Problem to solve –
In the data below, the answer is the run of lines from the line containing "- Super Built-Up Area: 645.84 Sq. Ft.." through the line containing "10. Glossy Black", both included; print it exactly and nothing else.

*** Material for this task Section Begins ***

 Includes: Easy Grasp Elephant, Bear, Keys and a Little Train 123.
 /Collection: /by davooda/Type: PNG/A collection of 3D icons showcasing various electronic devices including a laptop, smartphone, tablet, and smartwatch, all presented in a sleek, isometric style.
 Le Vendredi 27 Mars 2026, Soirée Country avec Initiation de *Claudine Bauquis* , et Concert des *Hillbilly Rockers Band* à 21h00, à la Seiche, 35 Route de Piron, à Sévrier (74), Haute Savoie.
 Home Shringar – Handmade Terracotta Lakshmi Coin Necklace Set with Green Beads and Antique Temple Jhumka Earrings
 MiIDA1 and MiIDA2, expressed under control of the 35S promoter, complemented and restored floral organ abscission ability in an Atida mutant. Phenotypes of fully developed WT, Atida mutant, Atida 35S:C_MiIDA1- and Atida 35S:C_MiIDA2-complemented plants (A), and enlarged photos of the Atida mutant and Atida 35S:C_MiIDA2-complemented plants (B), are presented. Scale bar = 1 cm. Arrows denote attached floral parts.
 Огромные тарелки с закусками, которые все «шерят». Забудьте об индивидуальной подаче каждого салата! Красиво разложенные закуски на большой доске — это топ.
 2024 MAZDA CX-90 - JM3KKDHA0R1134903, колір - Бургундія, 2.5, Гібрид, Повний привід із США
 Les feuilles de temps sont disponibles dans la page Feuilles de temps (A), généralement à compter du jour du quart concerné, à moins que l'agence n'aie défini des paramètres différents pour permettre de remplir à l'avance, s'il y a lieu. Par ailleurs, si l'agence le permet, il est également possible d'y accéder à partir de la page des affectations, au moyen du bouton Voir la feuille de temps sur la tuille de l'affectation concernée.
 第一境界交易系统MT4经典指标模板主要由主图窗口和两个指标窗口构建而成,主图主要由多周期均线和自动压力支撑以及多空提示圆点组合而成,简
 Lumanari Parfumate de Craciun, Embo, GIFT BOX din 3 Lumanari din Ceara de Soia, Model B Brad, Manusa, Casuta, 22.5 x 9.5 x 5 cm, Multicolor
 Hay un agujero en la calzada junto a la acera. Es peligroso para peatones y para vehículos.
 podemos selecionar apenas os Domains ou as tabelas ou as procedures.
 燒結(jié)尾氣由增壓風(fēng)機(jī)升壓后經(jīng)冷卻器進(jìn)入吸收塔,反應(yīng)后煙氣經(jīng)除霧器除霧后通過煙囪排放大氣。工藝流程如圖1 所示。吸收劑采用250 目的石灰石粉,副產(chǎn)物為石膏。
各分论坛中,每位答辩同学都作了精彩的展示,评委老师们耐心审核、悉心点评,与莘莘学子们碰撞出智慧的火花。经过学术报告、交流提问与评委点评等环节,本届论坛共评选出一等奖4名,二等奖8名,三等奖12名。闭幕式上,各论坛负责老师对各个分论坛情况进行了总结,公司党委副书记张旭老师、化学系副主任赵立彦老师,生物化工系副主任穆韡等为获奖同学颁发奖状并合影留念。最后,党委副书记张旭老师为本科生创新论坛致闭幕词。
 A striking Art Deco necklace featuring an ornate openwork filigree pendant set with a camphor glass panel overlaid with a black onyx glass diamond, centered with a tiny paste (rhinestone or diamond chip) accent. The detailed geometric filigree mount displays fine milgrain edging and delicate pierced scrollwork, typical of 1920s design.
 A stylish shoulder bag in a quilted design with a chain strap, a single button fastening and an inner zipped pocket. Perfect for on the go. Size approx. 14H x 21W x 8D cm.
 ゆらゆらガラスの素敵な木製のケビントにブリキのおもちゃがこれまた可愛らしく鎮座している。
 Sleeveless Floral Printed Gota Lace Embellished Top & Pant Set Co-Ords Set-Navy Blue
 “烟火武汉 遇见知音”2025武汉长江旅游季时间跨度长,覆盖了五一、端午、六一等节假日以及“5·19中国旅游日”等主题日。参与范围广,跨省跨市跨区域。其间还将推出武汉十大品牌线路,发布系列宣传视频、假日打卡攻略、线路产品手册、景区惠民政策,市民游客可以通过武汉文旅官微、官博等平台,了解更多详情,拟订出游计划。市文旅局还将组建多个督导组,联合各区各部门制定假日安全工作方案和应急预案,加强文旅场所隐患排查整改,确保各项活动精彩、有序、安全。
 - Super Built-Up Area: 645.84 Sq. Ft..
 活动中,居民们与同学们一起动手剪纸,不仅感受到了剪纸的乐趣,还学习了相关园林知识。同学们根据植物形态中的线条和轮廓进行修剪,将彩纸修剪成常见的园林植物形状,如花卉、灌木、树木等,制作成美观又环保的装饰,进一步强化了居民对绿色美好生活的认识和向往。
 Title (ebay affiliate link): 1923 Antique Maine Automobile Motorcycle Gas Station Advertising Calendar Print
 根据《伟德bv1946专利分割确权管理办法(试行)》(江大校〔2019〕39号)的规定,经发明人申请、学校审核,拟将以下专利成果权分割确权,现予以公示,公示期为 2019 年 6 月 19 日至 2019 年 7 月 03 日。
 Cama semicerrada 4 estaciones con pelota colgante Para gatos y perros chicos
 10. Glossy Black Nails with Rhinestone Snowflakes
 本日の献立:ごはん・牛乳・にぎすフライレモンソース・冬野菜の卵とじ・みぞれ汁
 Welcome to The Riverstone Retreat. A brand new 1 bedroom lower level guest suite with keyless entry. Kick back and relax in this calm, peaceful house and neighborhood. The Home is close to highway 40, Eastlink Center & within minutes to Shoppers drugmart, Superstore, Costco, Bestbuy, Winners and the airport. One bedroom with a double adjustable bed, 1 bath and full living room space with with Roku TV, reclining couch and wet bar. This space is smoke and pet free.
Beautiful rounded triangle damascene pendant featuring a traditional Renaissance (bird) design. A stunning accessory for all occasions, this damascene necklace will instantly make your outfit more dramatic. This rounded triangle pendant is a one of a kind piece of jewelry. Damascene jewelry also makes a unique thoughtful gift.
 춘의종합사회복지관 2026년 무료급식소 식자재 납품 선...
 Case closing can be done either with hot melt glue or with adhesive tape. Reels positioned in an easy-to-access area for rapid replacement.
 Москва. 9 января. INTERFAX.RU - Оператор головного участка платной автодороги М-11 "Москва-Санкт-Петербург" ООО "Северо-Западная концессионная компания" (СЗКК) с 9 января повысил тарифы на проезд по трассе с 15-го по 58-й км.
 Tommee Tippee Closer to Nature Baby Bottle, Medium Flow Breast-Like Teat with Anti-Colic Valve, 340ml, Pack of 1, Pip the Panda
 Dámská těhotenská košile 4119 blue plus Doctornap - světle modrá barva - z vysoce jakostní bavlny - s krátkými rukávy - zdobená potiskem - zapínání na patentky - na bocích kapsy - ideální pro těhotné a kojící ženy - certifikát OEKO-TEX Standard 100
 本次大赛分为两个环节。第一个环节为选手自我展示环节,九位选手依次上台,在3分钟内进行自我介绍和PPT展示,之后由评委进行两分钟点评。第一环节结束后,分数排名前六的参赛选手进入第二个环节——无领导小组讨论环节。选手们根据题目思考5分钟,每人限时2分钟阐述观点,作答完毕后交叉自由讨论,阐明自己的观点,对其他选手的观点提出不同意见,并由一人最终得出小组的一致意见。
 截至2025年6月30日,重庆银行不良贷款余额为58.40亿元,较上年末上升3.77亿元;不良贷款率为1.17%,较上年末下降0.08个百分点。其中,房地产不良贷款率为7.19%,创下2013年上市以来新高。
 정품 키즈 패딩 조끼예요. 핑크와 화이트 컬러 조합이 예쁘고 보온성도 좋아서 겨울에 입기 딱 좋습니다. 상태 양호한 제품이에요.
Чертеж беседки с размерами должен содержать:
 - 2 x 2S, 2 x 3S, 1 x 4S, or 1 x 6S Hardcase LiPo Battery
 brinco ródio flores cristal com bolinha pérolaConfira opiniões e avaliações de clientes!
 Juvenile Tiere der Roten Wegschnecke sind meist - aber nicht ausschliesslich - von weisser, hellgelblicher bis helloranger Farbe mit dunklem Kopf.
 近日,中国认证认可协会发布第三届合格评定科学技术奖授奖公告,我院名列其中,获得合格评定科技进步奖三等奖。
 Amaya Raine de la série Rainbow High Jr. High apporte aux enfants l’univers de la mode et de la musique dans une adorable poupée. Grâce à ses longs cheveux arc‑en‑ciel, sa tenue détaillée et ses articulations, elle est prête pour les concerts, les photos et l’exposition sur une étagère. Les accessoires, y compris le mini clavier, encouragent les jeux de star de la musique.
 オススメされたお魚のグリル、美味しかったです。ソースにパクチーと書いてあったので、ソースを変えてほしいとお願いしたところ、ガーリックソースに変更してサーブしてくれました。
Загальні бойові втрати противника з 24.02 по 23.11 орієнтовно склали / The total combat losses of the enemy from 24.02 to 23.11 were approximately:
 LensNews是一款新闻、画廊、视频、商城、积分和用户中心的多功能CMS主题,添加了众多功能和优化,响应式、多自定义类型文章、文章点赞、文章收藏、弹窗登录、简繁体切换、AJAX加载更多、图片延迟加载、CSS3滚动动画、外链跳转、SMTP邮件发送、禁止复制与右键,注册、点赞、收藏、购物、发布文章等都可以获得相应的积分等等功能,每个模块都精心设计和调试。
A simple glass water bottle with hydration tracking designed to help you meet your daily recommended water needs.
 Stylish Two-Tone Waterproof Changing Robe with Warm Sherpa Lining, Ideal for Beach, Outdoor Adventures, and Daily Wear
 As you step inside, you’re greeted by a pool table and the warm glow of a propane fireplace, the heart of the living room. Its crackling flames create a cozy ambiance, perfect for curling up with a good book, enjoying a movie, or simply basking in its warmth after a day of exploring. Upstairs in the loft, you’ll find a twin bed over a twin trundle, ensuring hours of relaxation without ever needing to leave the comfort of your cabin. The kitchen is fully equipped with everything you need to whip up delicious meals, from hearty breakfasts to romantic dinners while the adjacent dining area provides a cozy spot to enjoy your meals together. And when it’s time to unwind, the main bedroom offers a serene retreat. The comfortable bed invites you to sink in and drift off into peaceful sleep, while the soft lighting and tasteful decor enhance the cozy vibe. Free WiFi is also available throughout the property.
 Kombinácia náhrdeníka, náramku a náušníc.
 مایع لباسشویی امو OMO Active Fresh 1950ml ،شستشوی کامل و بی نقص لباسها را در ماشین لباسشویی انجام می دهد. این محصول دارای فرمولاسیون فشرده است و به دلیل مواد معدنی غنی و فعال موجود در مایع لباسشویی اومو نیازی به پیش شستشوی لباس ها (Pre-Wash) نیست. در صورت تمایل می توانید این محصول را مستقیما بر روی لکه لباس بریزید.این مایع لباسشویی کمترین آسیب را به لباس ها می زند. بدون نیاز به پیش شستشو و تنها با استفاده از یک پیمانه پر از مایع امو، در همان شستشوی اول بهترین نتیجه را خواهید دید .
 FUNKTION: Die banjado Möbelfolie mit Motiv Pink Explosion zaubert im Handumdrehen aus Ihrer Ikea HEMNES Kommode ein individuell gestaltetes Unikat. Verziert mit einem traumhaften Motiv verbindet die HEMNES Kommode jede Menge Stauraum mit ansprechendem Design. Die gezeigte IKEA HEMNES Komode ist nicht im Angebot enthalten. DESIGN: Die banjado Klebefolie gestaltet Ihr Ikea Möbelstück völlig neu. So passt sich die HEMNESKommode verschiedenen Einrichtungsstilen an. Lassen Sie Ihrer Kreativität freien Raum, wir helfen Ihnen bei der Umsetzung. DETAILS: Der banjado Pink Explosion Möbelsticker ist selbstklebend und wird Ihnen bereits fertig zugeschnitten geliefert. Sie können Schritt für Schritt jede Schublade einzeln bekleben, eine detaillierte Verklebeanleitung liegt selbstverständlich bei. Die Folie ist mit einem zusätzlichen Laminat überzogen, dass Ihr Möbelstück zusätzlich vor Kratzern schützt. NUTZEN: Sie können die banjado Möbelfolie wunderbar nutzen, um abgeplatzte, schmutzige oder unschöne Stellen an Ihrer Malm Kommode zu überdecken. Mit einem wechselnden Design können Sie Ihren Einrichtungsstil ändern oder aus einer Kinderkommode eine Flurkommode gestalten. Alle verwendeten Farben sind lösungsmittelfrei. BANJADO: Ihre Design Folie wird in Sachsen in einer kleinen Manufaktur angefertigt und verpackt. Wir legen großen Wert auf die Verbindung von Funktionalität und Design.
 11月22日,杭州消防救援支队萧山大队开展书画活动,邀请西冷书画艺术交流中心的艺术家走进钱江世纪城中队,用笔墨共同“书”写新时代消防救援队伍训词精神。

*** Material for this task Section Ends ***

Output for this exercise –
 - Super Built-Up Area: 645.84 Sq. Ft..
 活动中,居民们与同学们一起动手剪纸,不仅感受到了剪纸的乐趣,还学习了相关园林知识。同学们根据植物形态中的线条和轮廓进行修剪,将彩纸修剪成常见的园林植物形状,如花卉、灌木、树木等,制作成美观又环保的装饰,进一步强化了居民对绿色美好生活的认识和向往。
 Title (ebay affiliate link): 1923 Antique Maine Automobile Motorcycle Gas Station Advertising Calendar Print
 根据《伟德bv1946专利分割确权管理办法(试行)》(江大校〔2019〕39号)的规定,经发明人申请、学校审核,拟将以下专利成果权分割确权,现予以公示,公示期为 2019 年 6 月 19 日至 2019 年 7 月 03 日。
 Cama semicerrada 4 estaciones con pelota colgante Para gatos y perros chicos
 10. Glossy Black Nails with Rhinestone Snowflakes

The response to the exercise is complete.